Micro helicopters can perch on walls just like insects

The latest novelty in the MAV (Micro Aerial Vehicles) field is coming from the heart of old Europe, and more precisely from Switzerland, where a student from the Ecole Polytechnique Federale in Lausanne is at work on the development of a swarm of flying micro transmitters, capable of flying towards a specific point of interest, such as a crime scene or the scene of a natural disaster, and to perch on top of trees or walls, in a position from where they can easily gather information, images and data, and transmit them.

This result is achieved thanks to a couple of prongs, mounted on the front side of the flying robot. These stings are part of a small module, weighing approximately 4 grams, which can be applied on basically all vehicles of this kind currently available on the market.

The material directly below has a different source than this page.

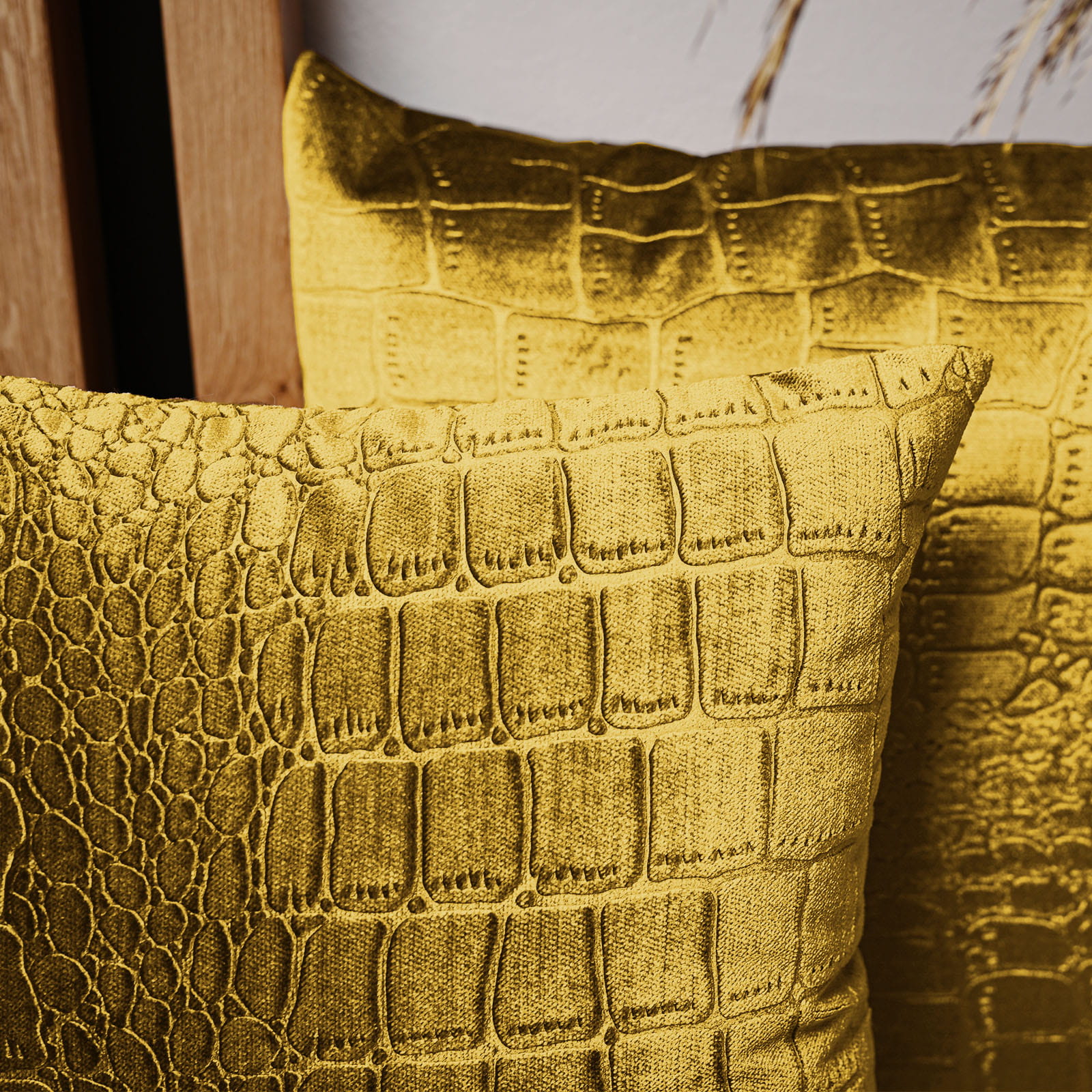 Dekoracyjna poszewka na poduszkę 30x30 cm w kolorze złotym z tkaniny welurowej z wytłaczanym wzorem “skóra krokodyla”

Once the micro aerial vehicle reaches its target, these prongs would stick into the surface, keeping it in place and allowing it to start its work, gather images and intelligence, and transmit it.

In an experimental phase, this module is being mounted on a small glider, but in the future it should be possible to use it also on battery-powered flying robots. The stings can easily penetrate any wooden surface, but they are resistant enough to make holes also on a concrete surface, making them very useful for reconnaissance and data collection, for example during a city fire, to reach areas where firemen are unable to go.

Once the mission is completed, a small remotely controlled motor would withdraw the prongs from the wall, allowing the MAV to come back to its launch base, ready to be used again for a new reconnaissance or imaging assignment.